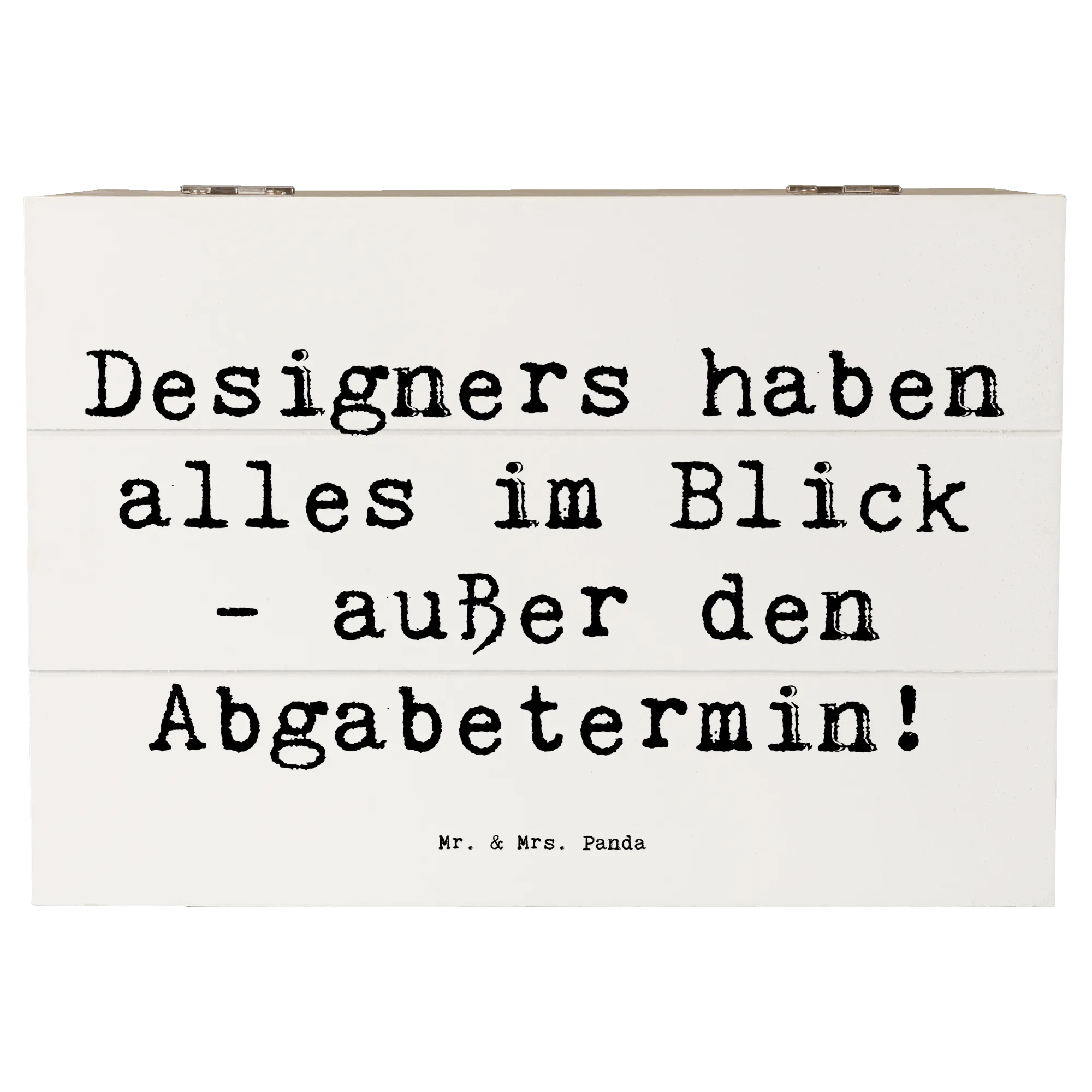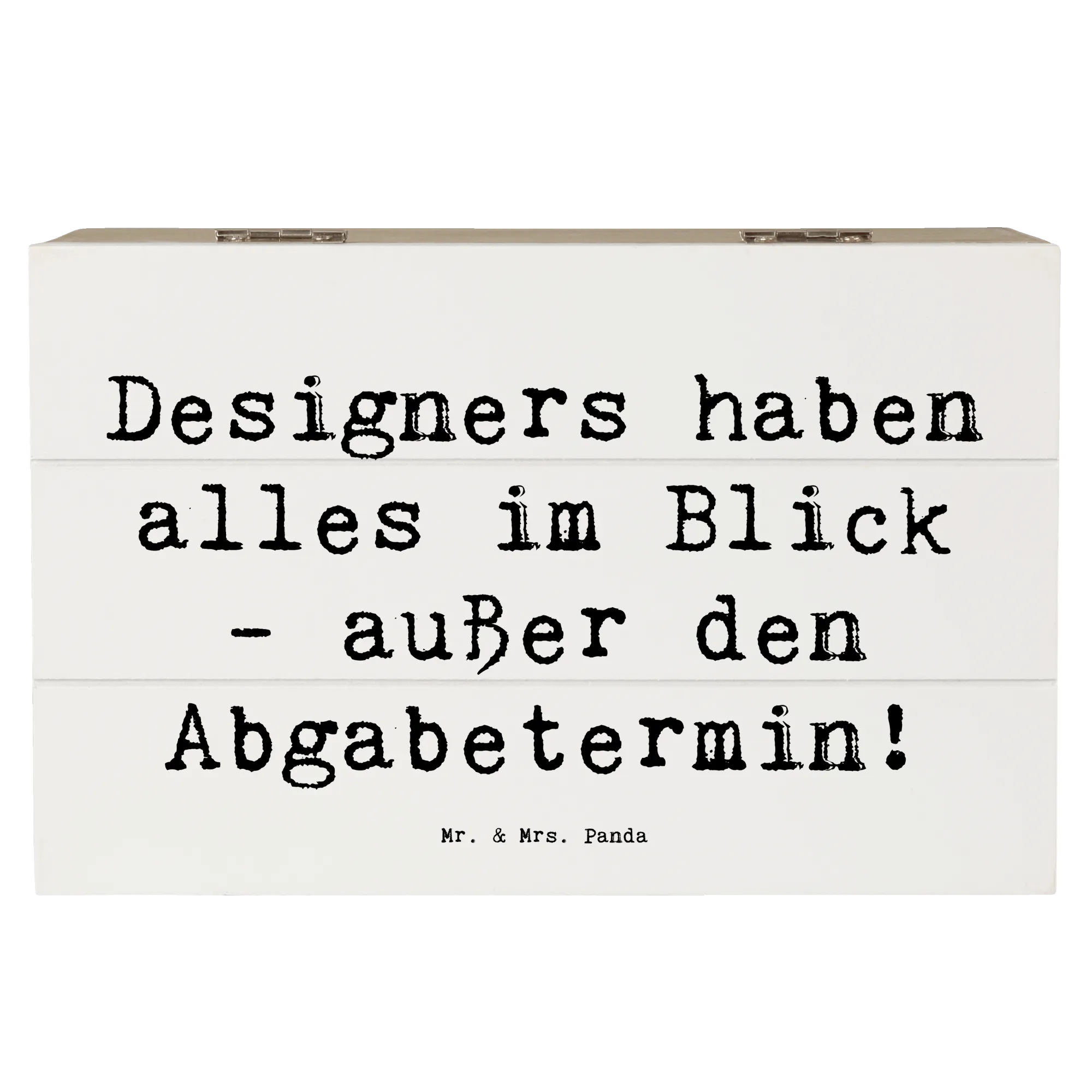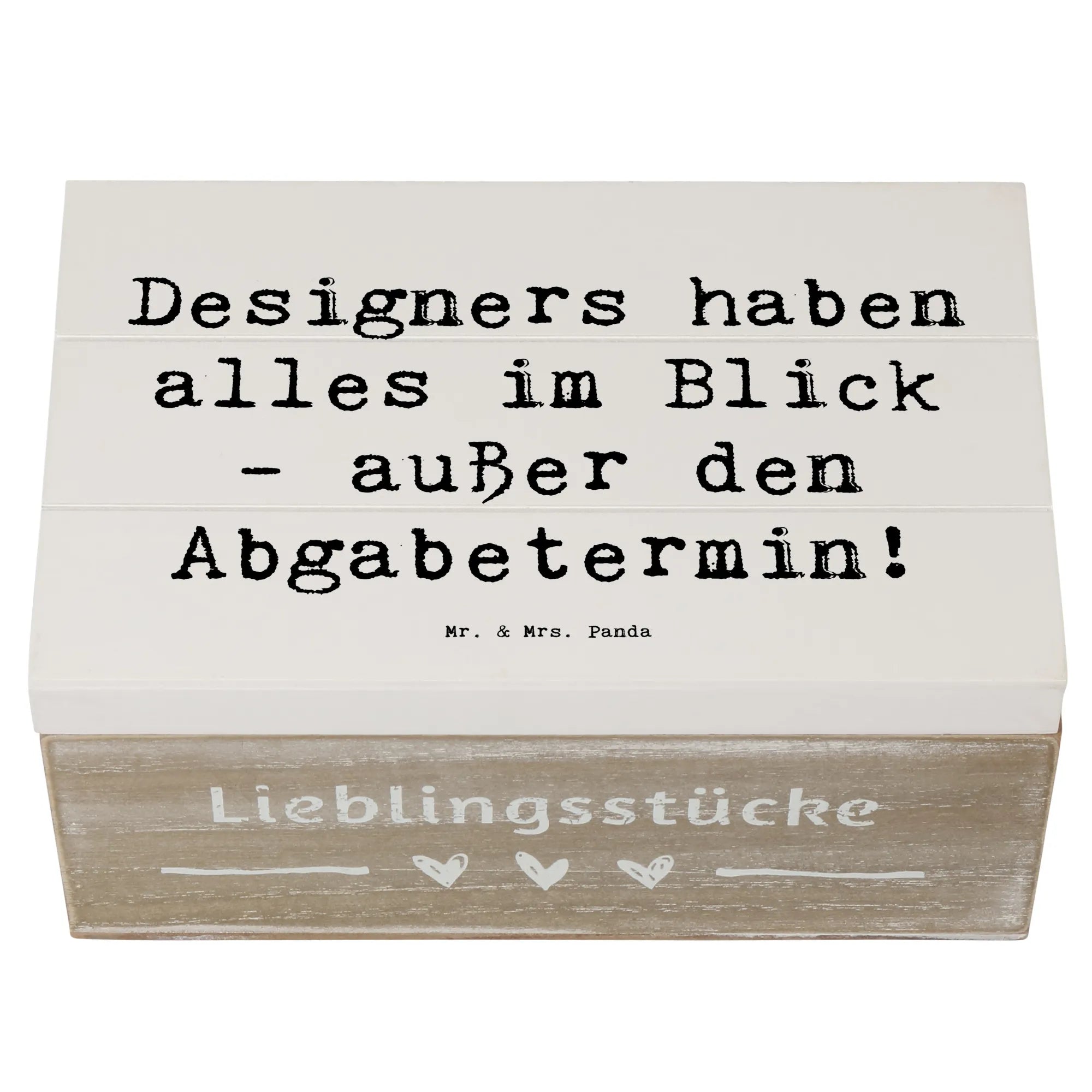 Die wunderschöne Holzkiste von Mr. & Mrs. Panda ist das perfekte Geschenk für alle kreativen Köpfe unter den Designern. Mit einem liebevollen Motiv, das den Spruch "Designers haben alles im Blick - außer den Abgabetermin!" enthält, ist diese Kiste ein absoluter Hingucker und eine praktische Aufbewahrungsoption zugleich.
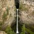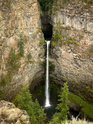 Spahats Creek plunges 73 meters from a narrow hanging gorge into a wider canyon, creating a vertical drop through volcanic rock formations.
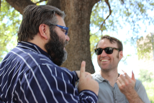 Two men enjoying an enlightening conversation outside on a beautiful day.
--
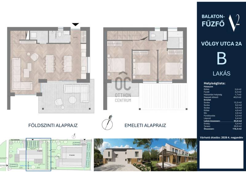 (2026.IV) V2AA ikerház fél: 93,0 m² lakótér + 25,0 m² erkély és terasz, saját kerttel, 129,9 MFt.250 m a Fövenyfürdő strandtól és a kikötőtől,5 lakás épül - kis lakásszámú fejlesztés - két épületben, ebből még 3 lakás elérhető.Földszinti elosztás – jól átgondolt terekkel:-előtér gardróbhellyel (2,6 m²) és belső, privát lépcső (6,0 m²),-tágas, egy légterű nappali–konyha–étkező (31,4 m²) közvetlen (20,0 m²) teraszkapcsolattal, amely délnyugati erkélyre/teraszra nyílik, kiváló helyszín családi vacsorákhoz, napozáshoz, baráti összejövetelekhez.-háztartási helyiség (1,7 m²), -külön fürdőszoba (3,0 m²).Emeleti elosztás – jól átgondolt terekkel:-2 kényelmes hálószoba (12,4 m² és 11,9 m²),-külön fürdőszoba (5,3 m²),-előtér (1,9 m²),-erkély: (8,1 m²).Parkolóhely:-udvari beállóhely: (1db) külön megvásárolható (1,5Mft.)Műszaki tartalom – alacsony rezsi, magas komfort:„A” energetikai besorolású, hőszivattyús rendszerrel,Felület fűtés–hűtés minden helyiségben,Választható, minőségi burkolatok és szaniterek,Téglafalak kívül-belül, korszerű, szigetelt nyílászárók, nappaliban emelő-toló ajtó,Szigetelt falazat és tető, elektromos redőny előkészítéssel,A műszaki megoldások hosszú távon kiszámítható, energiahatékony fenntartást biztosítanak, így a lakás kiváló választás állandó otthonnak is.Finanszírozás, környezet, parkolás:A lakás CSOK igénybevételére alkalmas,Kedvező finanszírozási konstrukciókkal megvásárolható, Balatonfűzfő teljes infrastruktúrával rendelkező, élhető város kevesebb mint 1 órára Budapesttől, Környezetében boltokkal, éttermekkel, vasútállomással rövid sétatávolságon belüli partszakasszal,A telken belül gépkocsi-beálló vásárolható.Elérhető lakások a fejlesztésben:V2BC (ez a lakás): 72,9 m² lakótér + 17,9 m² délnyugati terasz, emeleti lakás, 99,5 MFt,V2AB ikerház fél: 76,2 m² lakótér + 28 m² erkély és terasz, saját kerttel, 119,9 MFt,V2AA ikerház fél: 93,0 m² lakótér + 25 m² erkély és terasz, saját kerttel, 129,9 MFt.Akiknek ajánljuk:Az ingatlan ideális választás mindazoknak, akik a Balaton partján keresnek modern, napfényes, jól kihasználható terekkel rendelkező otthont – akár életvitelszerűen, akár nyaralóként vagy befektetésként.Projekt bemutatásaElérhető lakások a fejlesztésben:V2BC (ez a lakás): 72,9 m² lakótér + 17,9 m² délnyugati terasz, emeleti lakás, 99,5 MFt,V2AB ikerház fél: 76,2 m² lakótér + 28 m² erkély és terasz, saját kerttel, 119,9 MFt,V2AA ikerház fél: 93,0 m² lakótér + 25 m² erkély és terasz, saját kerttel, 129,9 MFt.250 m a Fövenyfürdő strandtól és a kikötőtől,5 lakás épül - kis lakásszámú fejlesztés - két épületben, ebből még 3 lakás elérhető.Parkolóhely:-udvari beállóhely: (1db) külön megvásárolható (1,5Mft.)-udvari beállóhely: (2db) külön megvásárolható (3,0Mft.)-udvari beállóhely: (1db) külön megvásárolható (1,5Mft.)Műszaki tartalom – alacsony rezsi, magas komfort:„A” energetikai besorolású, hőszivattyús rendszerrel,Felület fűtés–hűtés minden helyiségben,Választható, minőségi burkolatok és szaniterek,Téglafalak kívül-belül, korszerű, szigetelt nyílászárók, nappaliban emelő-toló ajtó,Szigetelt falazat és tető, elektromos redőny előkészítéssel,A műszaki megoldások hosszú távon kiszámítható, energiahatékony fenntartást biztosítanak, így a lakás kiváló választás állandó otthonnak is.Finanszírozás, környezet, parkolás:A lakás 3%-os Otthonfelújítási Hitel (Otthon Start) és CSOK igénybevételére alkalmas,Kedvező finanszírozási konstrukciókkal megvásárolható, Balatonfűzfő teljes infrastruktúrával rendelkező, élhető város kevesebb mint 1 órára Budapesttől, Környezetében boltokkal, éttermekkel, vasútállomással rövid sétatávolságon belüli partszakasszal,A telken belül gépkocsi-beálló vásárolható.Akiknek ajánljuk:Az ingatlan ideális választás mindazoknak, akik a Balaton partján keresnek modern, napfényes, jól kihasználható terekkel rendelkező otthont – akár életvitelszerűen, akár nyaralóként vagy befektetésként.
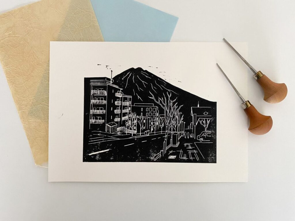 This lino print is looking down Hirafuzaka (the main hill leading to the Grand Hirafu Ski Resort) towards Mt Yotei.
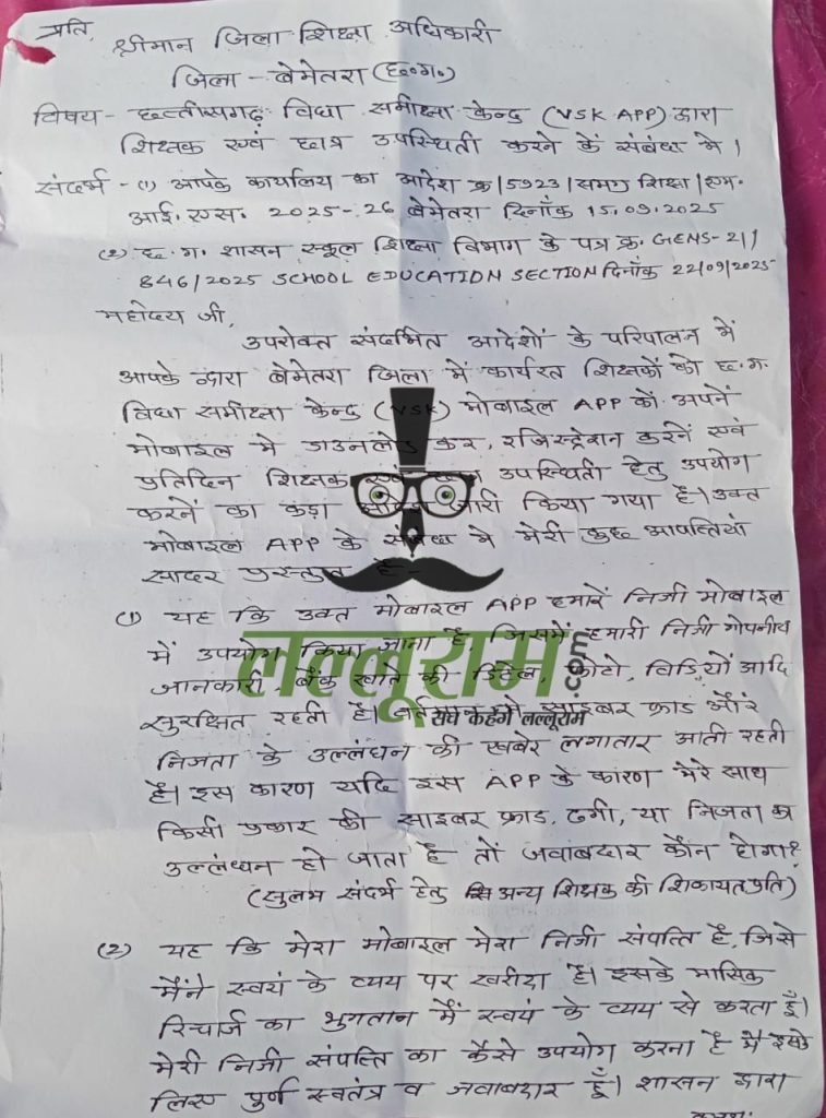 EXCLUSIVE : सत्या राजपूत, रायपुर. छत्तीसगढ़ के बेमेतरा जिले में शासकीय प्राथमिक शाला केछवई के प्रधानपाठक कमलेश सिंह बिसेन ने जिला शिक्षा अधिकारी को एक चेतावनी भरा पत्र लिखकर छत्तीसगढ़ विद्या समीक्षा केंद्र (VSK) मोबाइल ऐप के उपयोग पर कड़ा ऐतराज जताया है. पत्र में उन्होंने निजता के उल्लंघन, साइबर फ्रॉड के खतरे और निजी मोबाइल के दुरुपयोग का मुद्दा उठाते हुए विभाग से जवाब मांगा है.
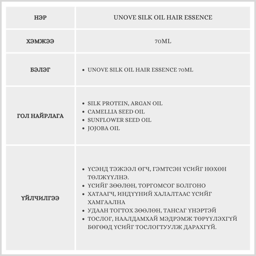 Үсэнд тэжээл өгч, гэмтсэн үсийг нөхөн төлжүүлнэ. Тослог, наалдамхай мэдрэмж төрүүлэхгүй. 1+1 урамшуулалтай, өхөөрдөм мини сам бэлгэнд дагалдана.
--
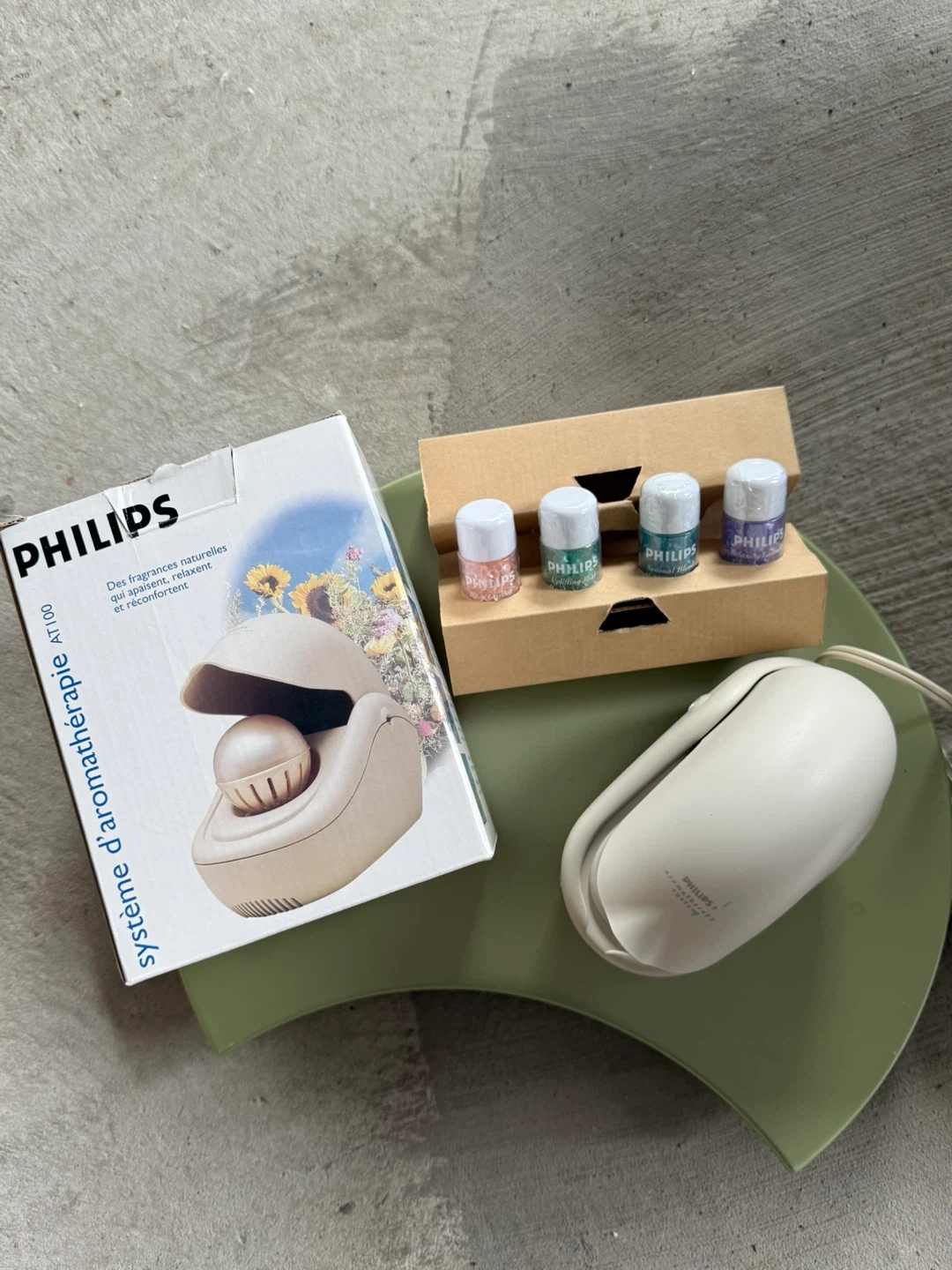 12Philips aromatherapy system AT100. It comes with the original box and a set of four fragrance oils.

→ **Problem to work on**: Reproduce exactly the lines above that run from the one with "Die wunderschöne Holzkiste" to the one with "Two men enjoying", both included, leaving pictures out.

→ **Written reply**:
 Die wunderschöne Holzkiste von Mr. & Mrs. Panda ist das perfekte Geschenk für alle kreativen Köpfe unter den Designern. Mit einem liebevollen Motiv, das den Spruch "Designers haben alles im Blick - außer den Abgabetermin!" enthält, ist diese Kiste ein absoluter Hingucker und eine praktische Aufbewahrungsoption zugleich.
 Spahats Creek plunges 73 meters from a narrow hanging gorge into a wider canyon, creating a vertical drop through volcanic rock formations.
 Two men enjoying an enlightening conversation outside on a beautiful day.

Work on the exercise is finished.